Also referred to as WILSON, Willam Street.
In his ARIBA nomination papers (1882) STREET-WILSON's name is spelt without a hyphen; it is also spelt without a hyphen on early drawings and office correspondence, mostly before 1907. However, his name is so frequently spelt with a hyphen that it is the style chosen here. From about 1890 STREET-WILSON was among the busiest architects in Natal. An astute businessman and a more than competent architect, over a period of fifty years he (with his various partners) executed many of the larger buildings in Natal.

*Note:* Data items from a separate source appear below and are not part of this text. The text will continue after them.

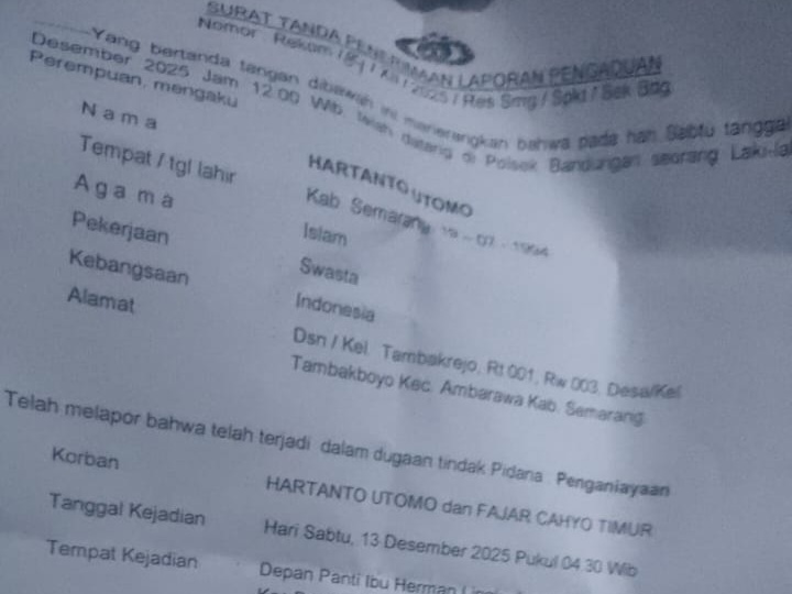 Peristiwa ini telah dilaporkan secara resmi ke Polsek Bandungan pada hari yang sama dengan kejadian.
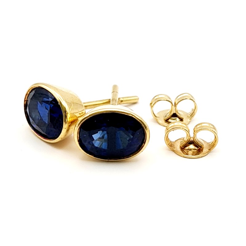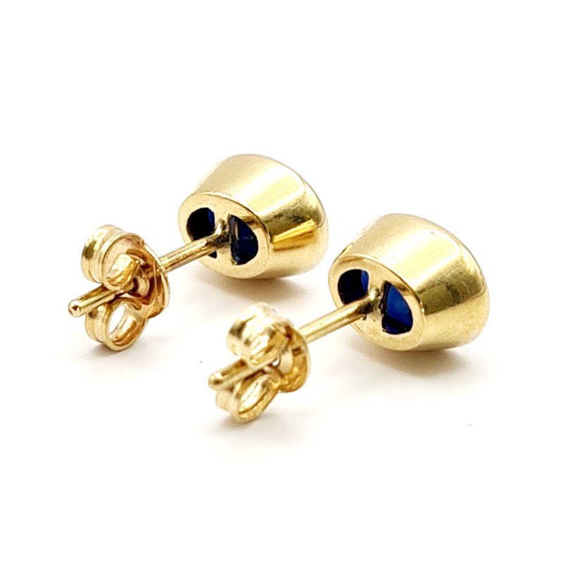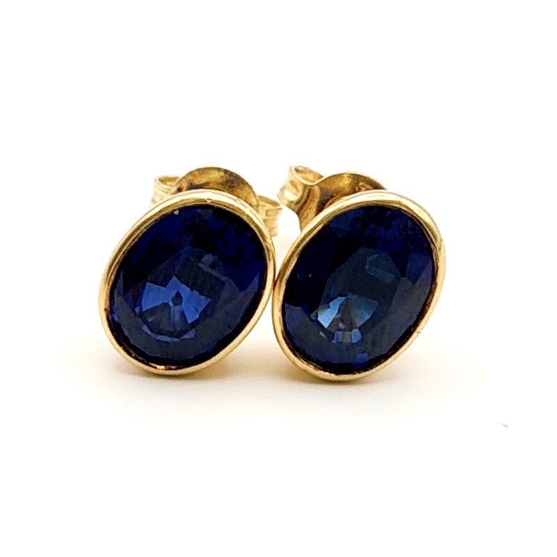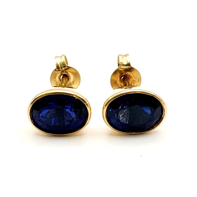 18CT YELLOW GOLD 2 STONE SYNTHETIC SAPPHIRE STUD EARRINGS. EACH EARRING CONTAINS AN OVAL SYNTHETIC SAPPHIRE RUB OVER SET WITH POST & BUTTERFLY FITTINGS.
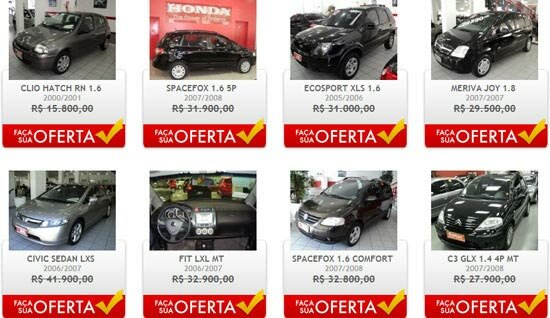 - Бразильское Daitan (агентство по продаже подержанных автомобилей Honda) дало пользователям возможность предлагать цены на автомобили на странице «Fa?a sua Oferta» («Сделай предложение»).
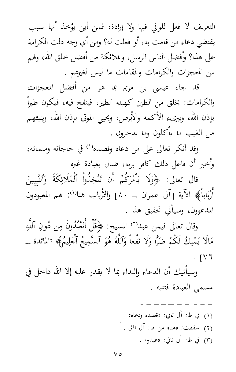 التعريف لا فعل للولي فيها ولا إرادة، فمن أين يؤخذ أنها سبب يقتضي دعاء من قامت به، أو فعلت له؟ ومن أي وجه دلت الكرامة على هذا؟ وأفضل الناس الرسل، والملائكة من أفضل خلق الله، ولهم من المعجزات والكرامات والمقامات ما ليس لغيرهم.
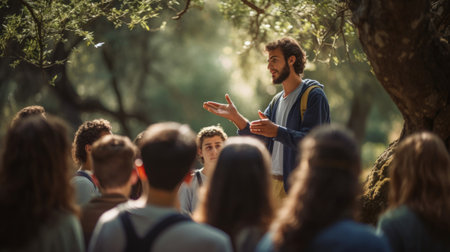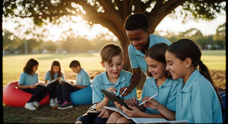A diverse group of students are gathered outdoors, with a presentation screen set up. They are studying and engaged in an educational activity. The composition features various youthful figures dressed casually. The scene is illuminated by bright daylight, suggesting an outdoor environment suitable for educational content.
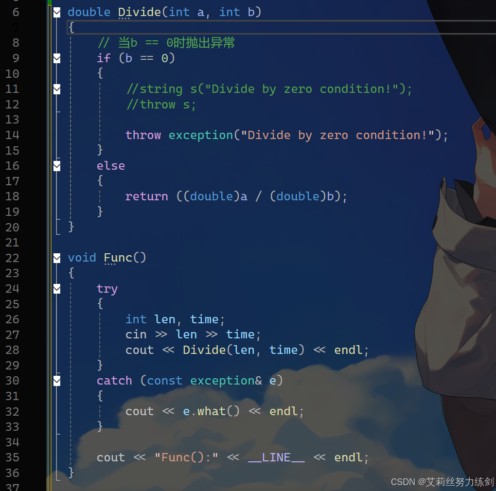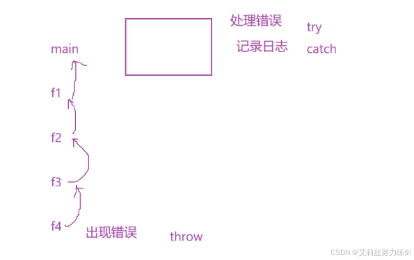 程序出现问题时,我们通过抛出(throw)一个对象来引发一个异常,该对象的类型以及当前的调用链决定了应该由哪个catch的处理代码来处理该异常。
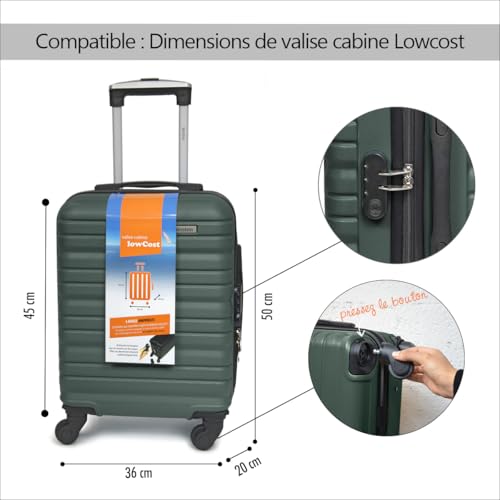 Valise cabine VA 45x36x20 sans roues - Bagage à main léger et durable taille lowcost avec roues détachables pivotantes amovibles
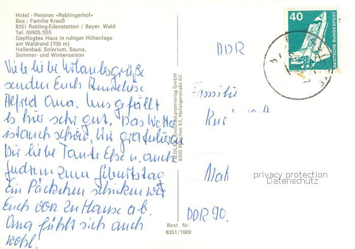 73684241 alte Postkarte Edenstetten Reblingerhof Hotel Pension Schwimmbad postalisch gelaufen Erhaltung siehe scans [LiesaD40] KatCode: 11110009271116
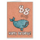 Alles Gute zum Geburtstagwal - 88 Jahre alte niedliche Buckelwal auf einer altersspezifischen Geburtstagsgrußkarte. Innerer Text: "Hoffnung haben Sie einen Wal einer Zeit!"
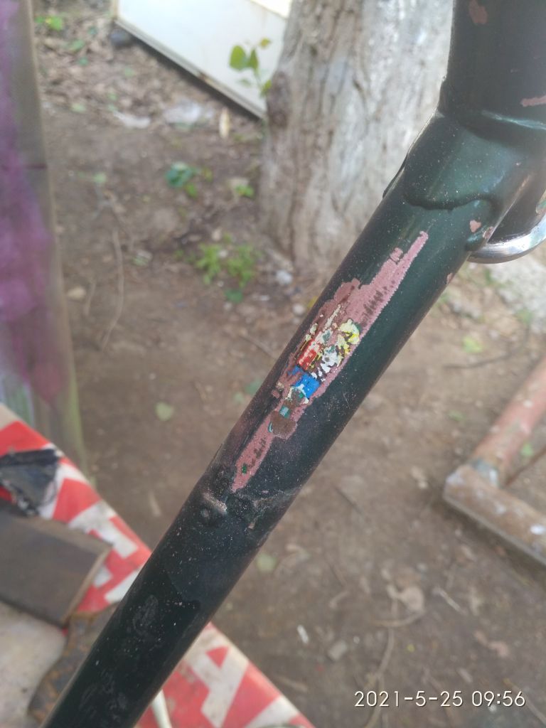 Пройшовся по геометрії рами, пера на 7 мм вправо, давай рівнять, егеее, це не дорожники правити, прийшлось брати брусок поширше і важіль подовше, пружиниста виявилася стартоновська рама , вивів майже в нулі. зняв стару фарбу, і пофарбував балоном
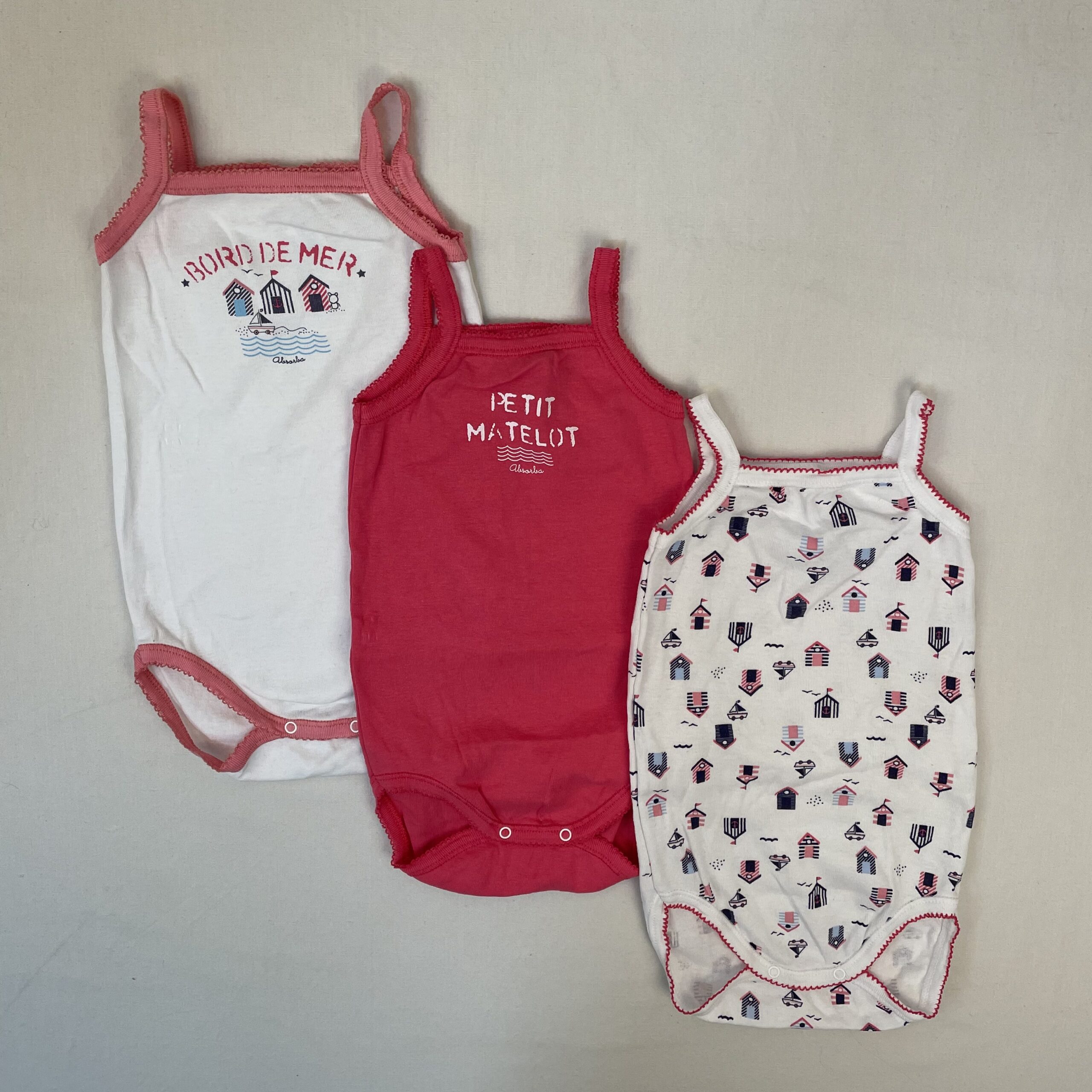 • Lot de 3 bodies à bretelles, liseré dentelé : – 1 blanc parsemé de petites cabines de plage et de petits bateaux bleus et roses. – 1 rose vif, devant inscription « Petit matelot » en blanc souligné par des vaguelettes blanches. – 1 blanc à bordure rose thé, devant motifs de cabines de plage avec petit bateau et inscription en rose « Bord de mer ».
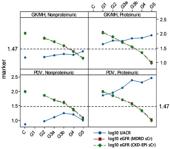 Normoalbuminuria among endemic CKDu cases of Sri Lanka. Means of log10 transformed data are shown. Dashed horizontal line at 1.47 represents log10 of UACR = 30 mg/g, low limit of proteinuria. n (in X-axis order; control, G1–G5): Girandurukotte/ Mahiyanganaya (GK/MH) = 40, none, 25, 11, 6, 13, 1 of nonproteinuria, and none, 11, 15, 10, 20, 27, 18 of proteinuria; Padaviya (PDV) = 14, none, 21, 7, 4, 8, 1 of nonproteinuria, and none, 8, 16, 14, 22, 42, 33 of proteinuria.
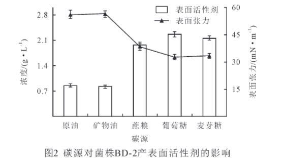 碳源對微生物的生長和次生代謝產(chǎn)物的產(chǎn)生有重要的影響。由圖2可知,不同碳源對菌株BD-2產(chǎn)表面活性劑量的影響不同,本實驗將原油、礦物油作為一類復雜碳源,葡萄糖、麥芽糖、蔗糖作為簡單碳源,進行對比分析發(fā)現(xiàn),以簡單碳源作為底物時,菌株BD-2產(chǎn)表面活性劑的量顯著高于復雜碳源(P<0.05),其產(chǎn)表面活性劑量大小依次為葡萄糖>麥芽糖>蔗糖>原油>礦物油。同時以簡單碳源為底物時,菌株BD-2能顯著降低發(fā)酵液表面張力(P<0.05),其發(fā)酵液表面張力大小依次為原油>礦物油>蔗糖>麥芽糖>葡萄糖。在簡單碳源中,以葡萄糖為碳源時,菌株BD-2產(chǎn)生的表面活性劑的量最高,為2.26 g/L,而表面張力最低,為32.7 mN/m。研究結(jié)果表明,簡單碳源有利于菌株BD-2產(chǎn)表面活性劑。因此,選擇葡萄糖為菌株BD-2的碳源。
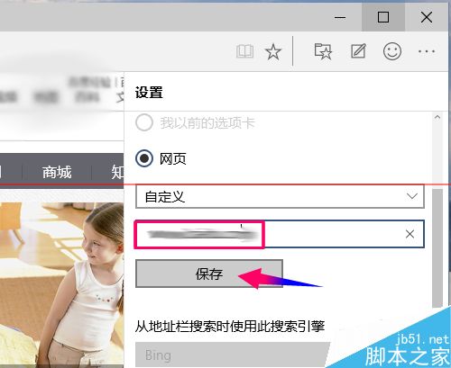 4、選擇主頁為自定義后,你可以手動(dòng)輸入網(wǎng)址,點(diǎn)擊保存就設(shè)置成功了
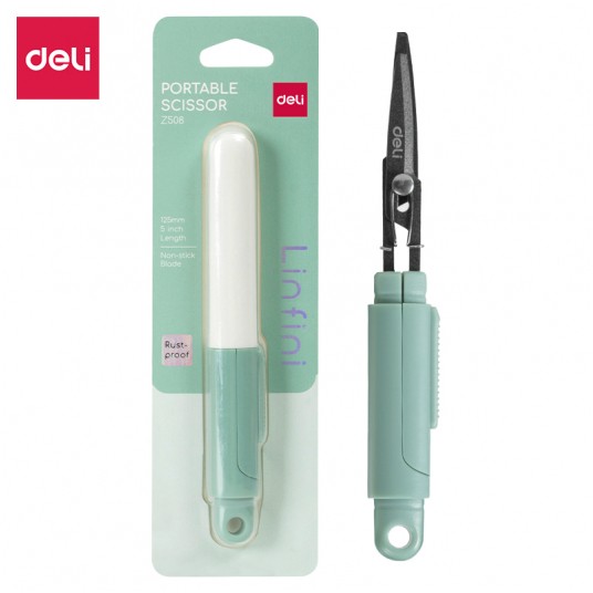 Kompaktowe nożyczki Deli Linfini EZ508 w kolorze zielonym to praktyczne i bezpieczne narzędzie do cięcia papieru i innych materiałów. Dzięki długości 125 mm są poręczne i wygodne w przenoszeniu, a ostrza ze stali nierdzewnej z powłoką antyadhezyjną zapobiegają przyklejaniu się materiału. Ergonomiczne uchwyty z plastiku ABS zapewniają komfort pracy, a zaokrąglone końcówki podnoszą poziom bezpieczeństwa. Idealny wybór do szkoły, biura i domu ✅
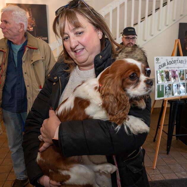 Wendy Furbur, of Lower Macungie, holds her foster pup “Merido,” an 8-month-old King Charles Spaniel at the Sanctuary at Haafsville Puppy Bowl held at the Retriever Brewing Company, 2844 Township Line Road, Orefield, Feb. 8.
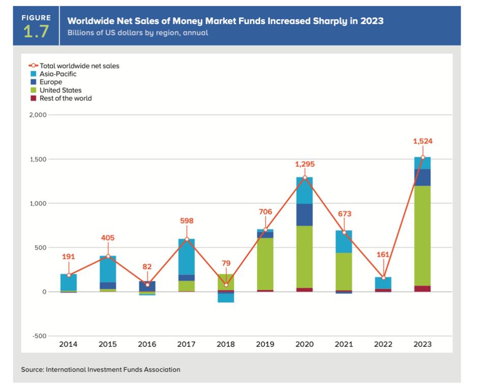 2023年,在美国,机构和零售投资者对货币市场基金的需求高企。2023年,货币市场基金收益率达到了15年以来的最高水平,较高的收益率和较低的利率风险吸引零售投资者和机构投资者。在利率显著波动的背景下,其它资产类别随之显著波动,相形之下货币市场基金吸引力凸显。债基强势吸金
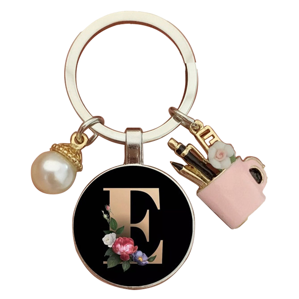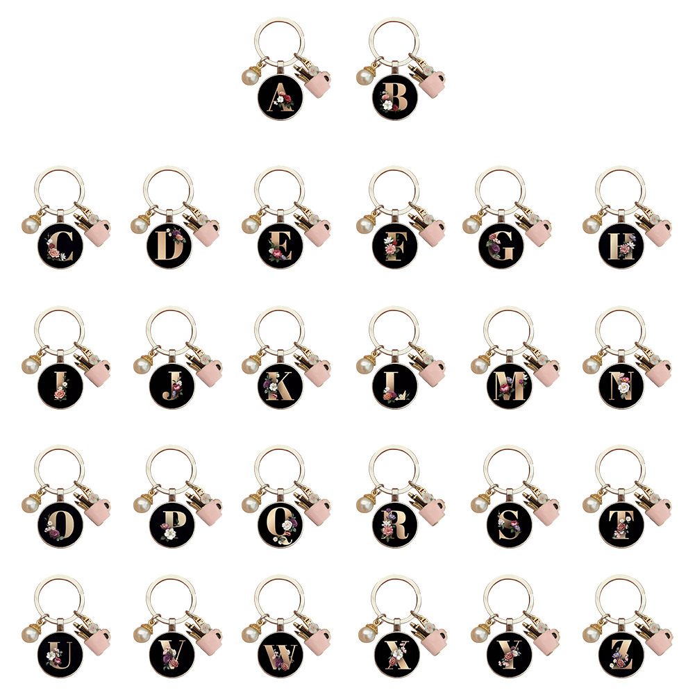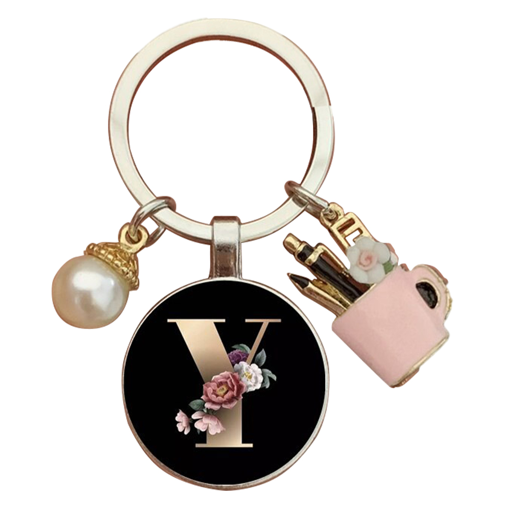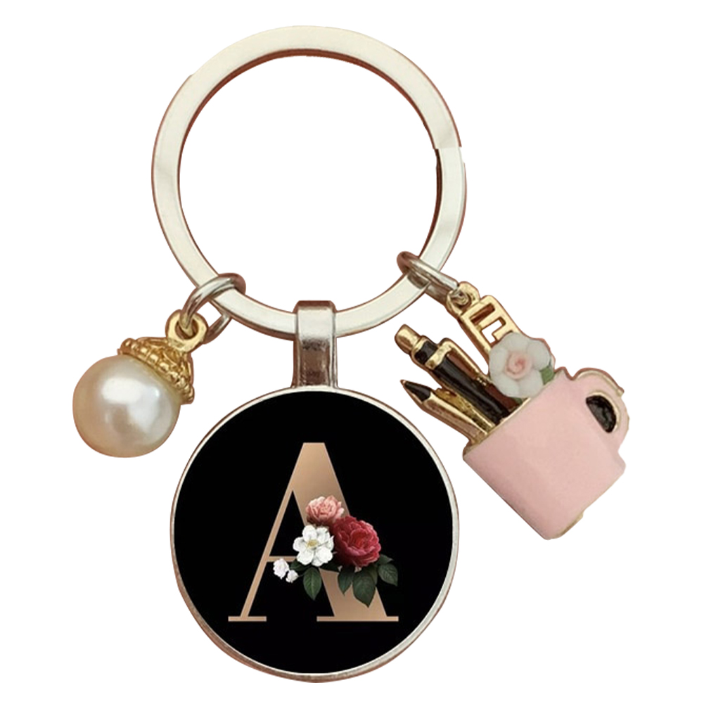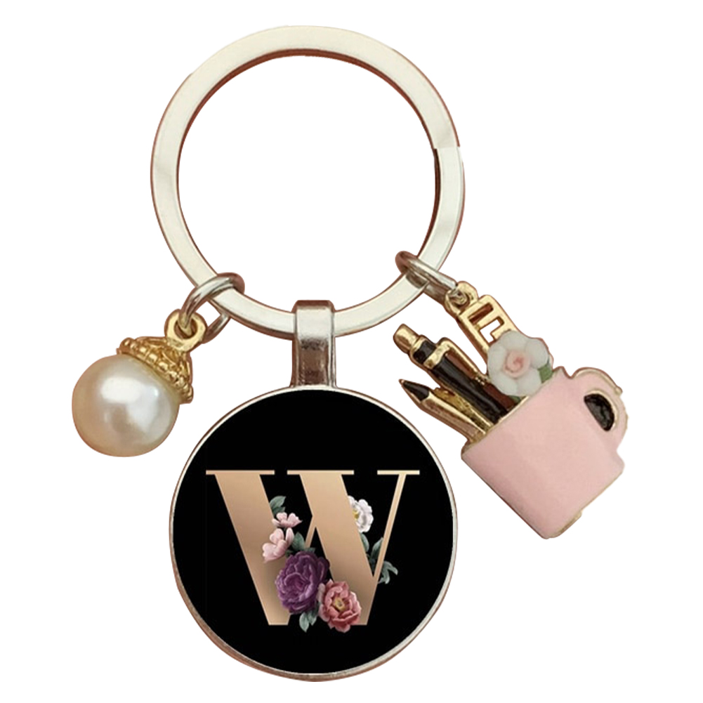 Resin Alphabet Letter Keychain Pearl Alphabet Key Ring Charms for Key Handbag Backpack
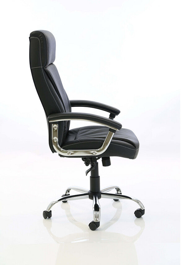 A luxurious bonded leather and chrome executive chair with comfort pads, tilting action and stylish stitching detail. Integral padded headrest.
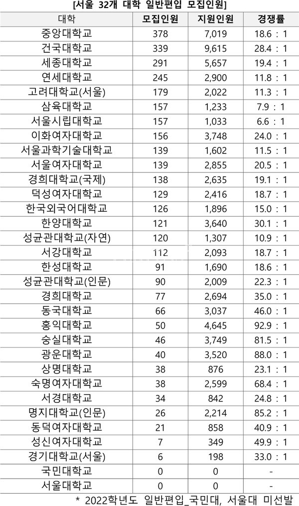 <일반편입 규모 중앙대 '최다' 378명...건대 세종대 연대 고대순>
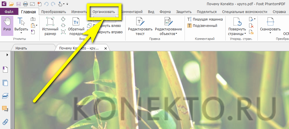 Открыть PDF-файл, используя соответствующую кнопку на панели управления или в меню «Файл», и переключиться на вкладку «Организовать».
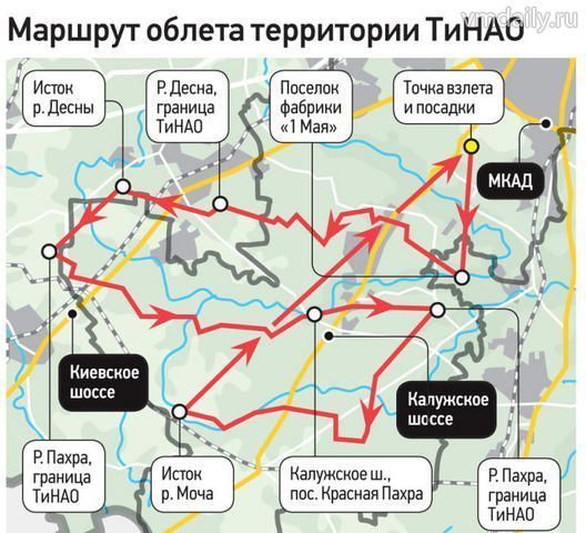 Оперативная группа, в которую вошли начальник Управления по ТиНАО ГУ МЧС России по Москве полковник Чернега И. Б., заместитель префекта ТиНАО Концевая Л. В., заместитель начальника Управления по ТиНАО ГУ МЧС по Москве полковник внутренней службы Матвеев Н. Г, представитель ОАО «Мосводоканал» Наврузов Е. Д., проделала большую работу. Маршрут специалистов, вылетевших с вертолетной площадки, расположенной на 35-м километре внутренней стороны МКАД, лежал через Десну, Пахру и Мочу. В ходе обследования территории с воздуха комиссия пришла к выводу: разливов рек и скопления на них льда не наблюдается.

STREET-WILSON was born in Surrey where he was educated, continuing his studies at London University. From 1871 to 1875 he was articled to WM Gwyther of the Strand, London and was an assistant in the office until 1877, attending classes at the South Kensington Schools and lectures at King's College, London. For six months he worked in 'Mr Armstrong's office' before entering the office of J MacVicar Anderson in 1878 where he stayed for about two years. In 1880 he left to work in Robert Hesketh's office in London and spent two-and-a-half years as an assistant in this office. He was employed in Charles J Shoppee's office from 1882, continuing his studies at the Royal Academy Schools and at the British Museum, and visited Italy for three months. While in Shoppee's office he was elected a member of the Royal Institute of British Architects, and left to set up his own practice in 1884 in Newbridge Street, London. Recent research into the work of one William Wilson shows a possibility that, probably after serving as assistant in Gwyther's office, STREET-WILSON (William Wilson's mother's maiden name was Street), if one and the same as William Wilson, may have designed a house for the painter TM Rooke (No 7 Queen Anne's Gardens, Bedford Park in London) and another for JF Palmer in Blenheim Rd, Bedford Gardens in the same year, both in the Arts and Crafts style which was a style he used in South Africa.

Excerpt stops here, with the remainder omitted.